Even though the trajectory-tracking performance produced by the passive position controller is very good, the aROWAS system should also provide flexible walking patterns to encourage active user participation. A trajectory-tracking approach, although often implemented as the basic movement controller in rehabilitation robotics, has limited rehabilitation outcomes (Hornby et al., 2008). The passive position-tracking method guides the patient's lower limbs to move along fixed paths that are similar to the pattern of normal walking (Colombo et al., 2000). However, such a stiff position controller creates the possibility that patients will not use enough physical effort during gait training (Marchal-Crespo and Reinkensmeyer, 2009). The metabolic costs and the muscle responses in the hip flexors have been reported to be significantly lower during passive robotic gait training than those during therapist-assisted walking (Israel et al., 2006). Passive training has also been reported to result in reduced volitional physical effort, and also interfered with motor relearning (Marchal-Crespo and Reinkensmeyer, 2009). To encourage patients to participate actively in gait training, the aROWAS system should therefore provide flexible movement, which might enhance interlimb neural coupling and promote gait restoration (Kaupp et al., 2018).

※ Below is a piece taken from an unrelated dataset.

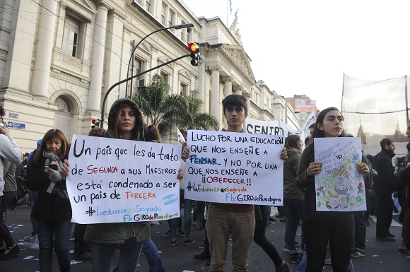 Es lunes 25 de abril. Los gremios que nos representan convocan a un nuevo paro, esta vez, toda la semana. Silvia se sienta cerca, es más grande que yo y estudia Psicología. Karina también. Y Valentina. Y el chico de anteojos. Y Leandro. Y Matías. Y Lucio. Y todos proponen: saquemos el aula a la calle. “Miren que estamos medio solos, les digo. No se imaginen que vamos a ir a hacer la revolución”. Se ríen. Uno se anima a una carcajada. La soledad de los docentes a cargo de los cursos es notoria. Los titulares brillan por su ausencia. Ostentan sus nombres en la carátula de los apuntes que los chicos leen. Jamás pisan el aula. Si lo hicieron en otra época, vale. Pero éste es su tiempo también, y no están, los alumnos nos los ven. Nos sentamos en el pasto, frente al Ministerio de Educación. Somos unos treinta en total. Hay una movilización y la acompañamos desde el suelo, hablando del parcial que tomaremos en estado de emergencia. Se acerca alguien del gremio y nos saca una foto. “¿Clase pública, profe?”. “Una clase normal”, contesto. ¿O no es la historia de este país otra cosa que un relato de mitologías, una crónica de lo real-maravilloso? No hay paredes ni aulas ni relojes, ni siquiera imaginarios. Los manifestantes, del CBC, de Exactas, del Buenos Aires y del Pellegrini se van diluyendo por Rodríguez Peña, por Córdoba y hacia Callao. No hay bancos, ni pizarrones ni sillas. Nos expulsa un Gobierno que criminaliza a los docentes en su derecho a protestar, sí, pero también nos expulsan jerarcas académicos, consejeros superiores, autómatas de la docencia, que tejen desde algún lugar inhallable sus propios pedestales. Fin de la cuarta clase.

Several control approaches have been extensively investigated for generating flexible movement (Cao et al., 2014), including patient-cooperative strategies (Jezernik and Morari, 2002; Riener et al., 2005), disturbance and/or force observers (Murakami et al., 1993; Oh et al., 2014; Ugurlu et al., 2015), and path-control algorithms (Duschau-Wicke et al., 2010; Krishnan et al., 2012; Schück et al., 2012). To produce patient-cooperative robotic gait training, preliminary studies focused on adapting the gait pattern according to how the robot and the user interacted (Jezernik and Morari, 2002; Riener et al., 2005). By modifying the elastic and viscous coefficients, the robotic systems generated different impedances in reaction to the users' voluntary movements (Riener et al., 2005). This approach only allowed joint-angle deviations from the active force produced by the user (Jezernik and Morari, 2002; Riener et al., 2005). Therefore, subsequent research next focused on accurate interaction forces between the users and robots, and force/torque sensors were often adopted. However, due to the influence of the horizontal ground-reaction force, the measured interaction force between the users and the robots was only a rough estimate, especially during the stance phase (Riener et al., 2005). In power-assisted robotics, the active force from the user is the key piece of information because it guides how much torque the drive should produce to achieve the required assistance (Oh et al., 2015). To avoid the use of force sensors, which are usually fragile and costly (Capurso et al., 2017), disturbance and/or force observers were developed to estimate external forces (Murakami et al., 1993; Oh et al., 2014), and were also validated in assistive robotic exoskeletons (Ugurlu et al., 2015).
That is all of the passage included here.